▸ Exercise objective
Please give every line below again exactly, but not its pictures.

▸ Data extract
==*==

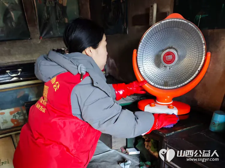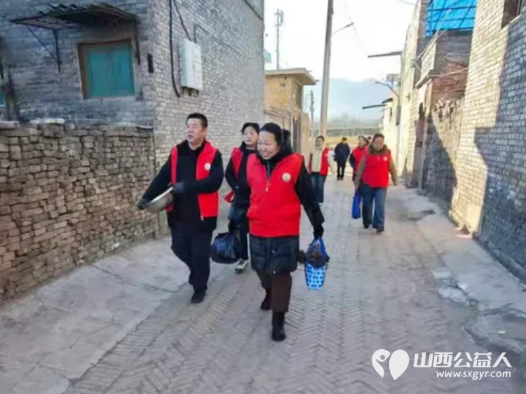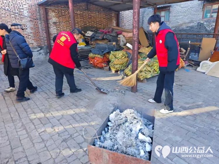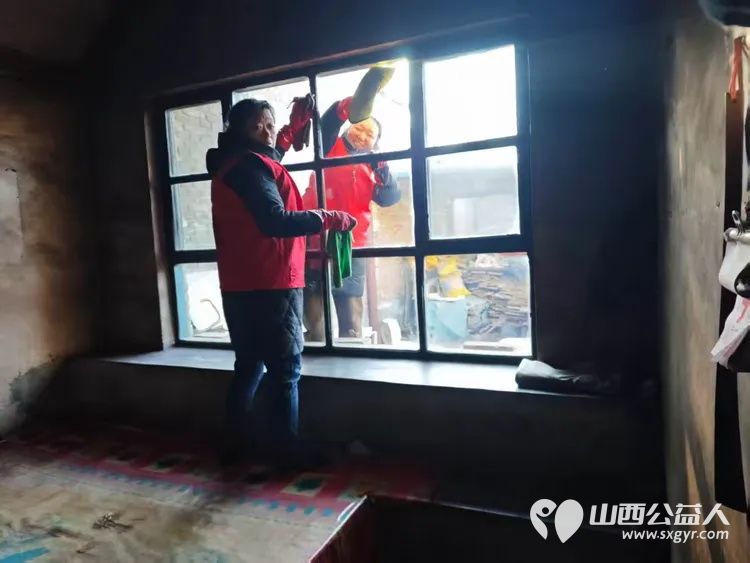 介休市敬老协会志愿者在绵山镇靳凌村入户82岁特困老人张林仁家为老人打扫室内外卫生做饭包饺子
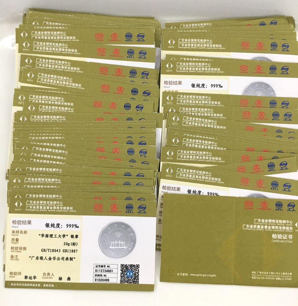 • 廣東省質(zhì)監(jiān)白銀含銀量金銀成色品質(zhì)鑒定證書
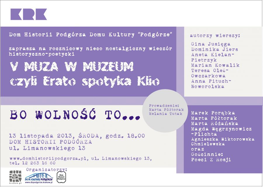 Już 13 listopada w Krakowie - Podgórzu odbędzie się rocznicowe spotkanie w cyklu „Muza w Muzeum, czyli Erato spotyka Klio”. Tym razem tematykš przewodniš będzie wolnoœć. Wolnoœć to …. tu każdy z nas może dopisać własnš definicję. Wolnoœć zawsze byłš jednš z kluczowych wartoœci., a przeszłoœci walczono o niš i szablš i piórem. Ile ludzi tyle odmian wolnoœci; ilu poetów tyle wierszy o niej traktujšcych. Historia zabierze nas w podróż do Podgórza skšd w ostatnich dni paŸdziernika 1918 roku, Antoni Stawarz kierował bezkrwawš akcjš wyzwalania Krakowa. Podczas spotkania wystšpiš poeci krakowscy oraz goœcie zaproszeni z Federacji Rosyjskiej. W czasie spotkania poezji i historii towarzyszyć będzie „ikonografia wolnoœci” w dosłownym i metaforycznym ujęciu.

==*==

▸ Exercise output
 介休市敬老协会志愿者在绵山镇靳凌村入户82岁特困老人张林仁家为老人打扫室内外卫生做饭包饺子
 • 廣東省質(zhì)監(jiān)白銀含銀量金銀成色品質(zhì)鑒定證書
 Już 13 listopada w Krakowie - Podgórzu odbędzie się rocznicowe spotkanie w cyklu „Muza w Muzeum, czyli Erato spotyka Klio”. Tym razem tematykš przewodniš będzie wolnoœć. Wolnoœć to …. tu każdy z nas może dopisać własnš definicję. Wolnoœć zawsze byłš jednš z kluczowych wartoœci., a przeszłoœci walczono o niš i szablš i piórem. Ile ludzi tyle odmian wolnoœci; ilu poetów tyle wierszy o niej traktujšcych. Historia zabierze nas w podróż do Podgórza skšd w ostatnich dni paŸdziernika 1918 roku, Antoni Stawarz kierował bezkrwawš akcjš wyzwalania Krakowa. Podczas spotkania wystšpiš poeci krakowscy oraz goœcie zaproszeni z Federacji Rosyjskiej. W czasie spotkania poezji i historii towarzyszyć będzie „ikonografia wolnoœci” w dosłownym i metaforycznym ujęciu.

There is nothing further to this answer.